Let the tangent drawn to the parabola $$y^2 = 24x$$ at the point $$(\alpha, \beta)$$ is perpendicular to the line $$2x + 2y = 5$$. Then the normal to the hyperbola $$\dfrac{x^2}{\alpha^2} - \dfrac{y^2}{\beta^2} = 1$$ at the point $$(\alpha + 4, \beta + 4)$$ does NOT pass through the point:

We need to find the point through which the normal to the hyperbola does NOT pass.

The parabola is $$y^2 = 24x$$, so $$4a = 24$$, giving $$a = 6$$.

A parametric point on the parabola is $$(at^2, 2at) = (6t^2, 12t)$$.

Differentiating $$y^2 = 24x$$ implicitly: $$2y \frac{dy}{dx} = 24$$, so $$\frac{dy}{dx} = \frac{12}{y} = \frac{12}{12t} = \frac{1}{t}$$.

The tangent must be perpendicular to $$2x + 2y = 5$$ (slope $$= -1$$), so the tangent slope $$= 1$$.

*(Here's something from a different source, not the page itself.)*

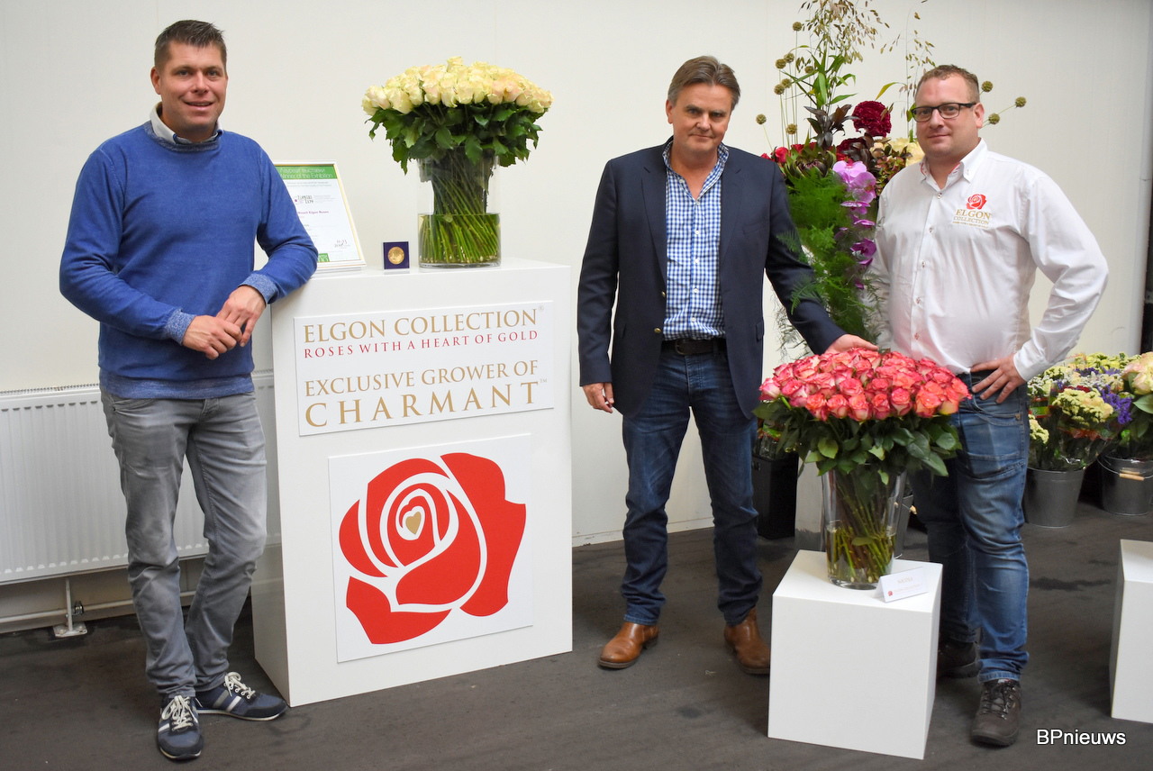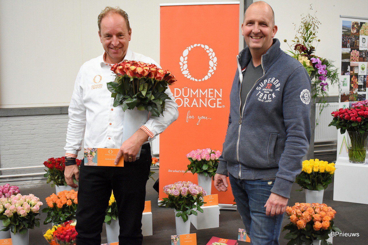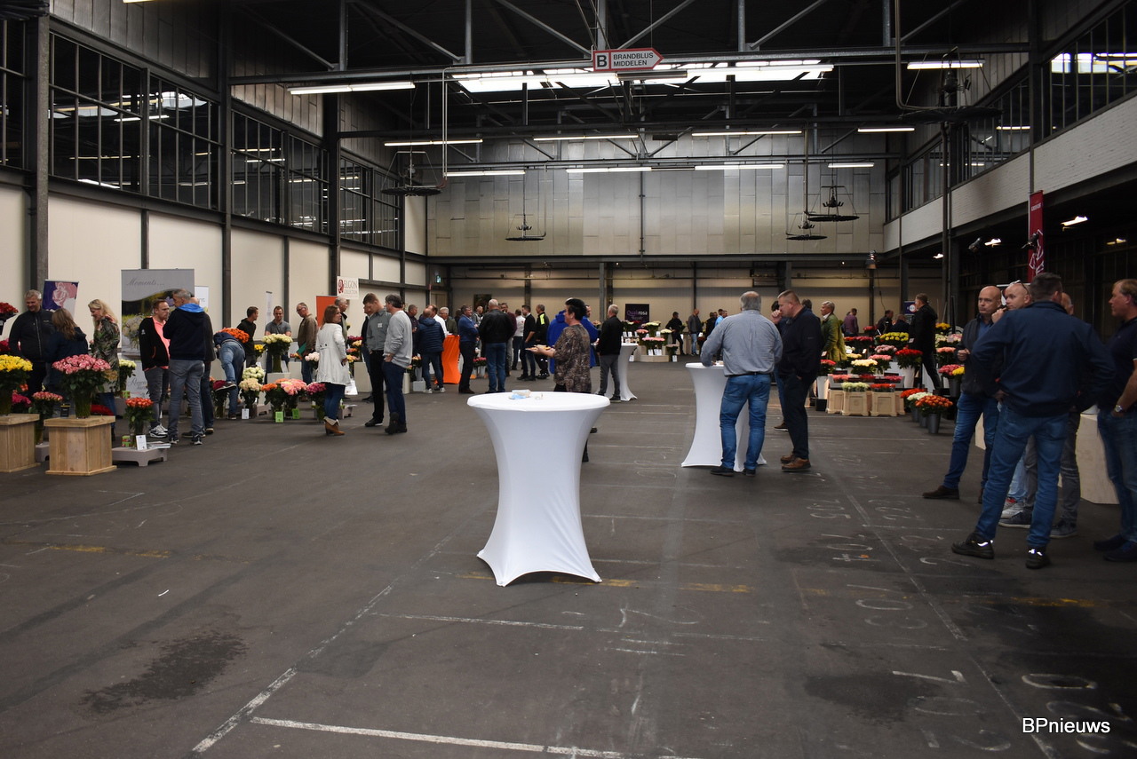 De mannen van De Ruiter Örjan Hulshof en Walter Kammeraad met in het midden Wim Hendrikse van Rosalink. Örjan hoopte hier vooral de lijnrijders te spreken. Goede houdbaarheid, niet te lange stelen, goede transport eigenschappen en een mooi uniform product is daarom belangrijk.

$$\frac{1}{t} = 1 \implies t = 1$$

So $$(\alpha, \beta) = (6, 12)$$.

Hyperbola: $$\frac{x^2}{36} - \frac{y^2}{144} = 1$$, with $$a^2 = 36$$ and $$b^2 = 144$$.

The point on the hyperbola is $$(\alpha + 4, \beta + 4) = (10, 16)$$.

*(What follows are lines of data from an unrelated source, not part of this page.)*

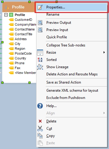 To configure the Data Profile object, right-click on its header and select Properties from the context menu.
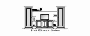 Abm: 355/209 cm B/H 2 Wohnschrank 1-tlg WS02P1 1 Sideboard 3-tlg SBT03P3 4 Verbindungsfächer 120cm 2 Fächer freitragend 60cm 1 Verbindungsfach 210cm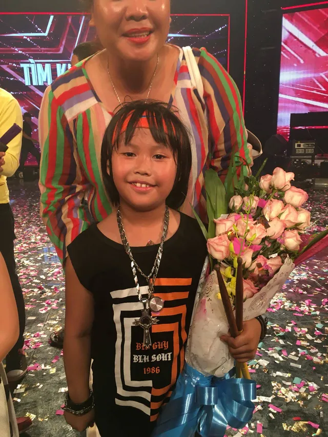 Trọng Nhân nhỏ bé trên sân khấu Vietnam's Got Talent bên người dẫn chương trình Diệp Lâm Anh. Cậu bé giành giải quán quân nhờ có lượng bình chọn cao nhất từ khán giả. Ảnh: VNExpress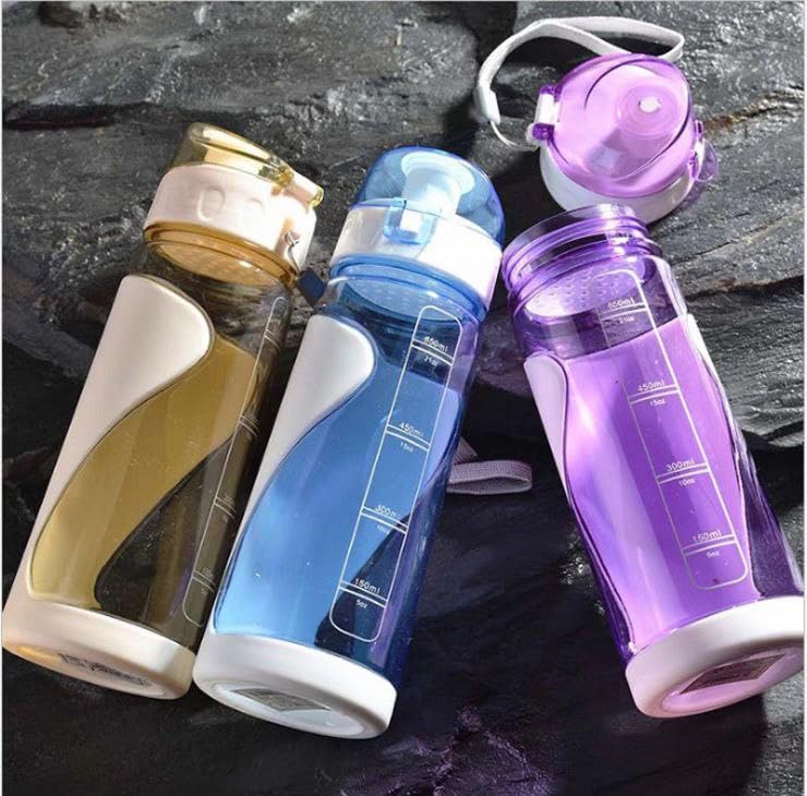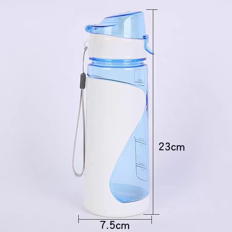 Generic - زجاجة مياه رياضية فاخرة من الاكريليك بلون أبيض مع غطاء أزرق، زجاجة مقاومة للتسرب بسعة 650 مل، للمدرسة والعمل والسفر .دي بي

Verification: $$\frac{100}{36} - \frac{256}{144} = \frac{400 - 256}{144} = \frac{144}{144} = 1$$ ✓

Differentiating $$\frac{x^2}{36} - \frac{y^2}{144} = 1$$ implicitly:

$$\frac{2x}{36} - \frac{2y}{144}\frac{dy}{dx} = 0$$

$$\frac{dy}{dx} = \frac{144x}{36y} = \frac{4x}{y}$$

At $$(10, 16)$$: $$\frac{dy}{dx} = \frac{40}{16} = \frac{5}{2}$$

The slope of the normal is $$m_n = -\frac{1}{dy/dx} = -\frac{2}{5}$$.

The normal at $$(10, 16)$$:

$$y - 16 = -\frac{2}{5}(x - 10)$$

$$5(y - 16) = -2(x - 10)$$

$$5y - 80 = -2x + 20$$

$$2x + 5y = 100$$

Option A: $$(25, 10)$$: $$2(25) + 5(10) = 50 + 50 = 100$$ ✓

Option B: $$(20, 12)$$: $$2(20) + 5(12) = 40 + 60 = 100$$ ✓

Option C: $$(30, 8)$$: $$2(30) + 5(8) = 60 + 40 = 100$$ ✓

Option D: $$(15, 13)$$: $$2(15) + 5(13) = 30 + 65 = 95 \neq 100$$ ✗

Therefore, the correct answer is Option D: $$(15, 13)$$.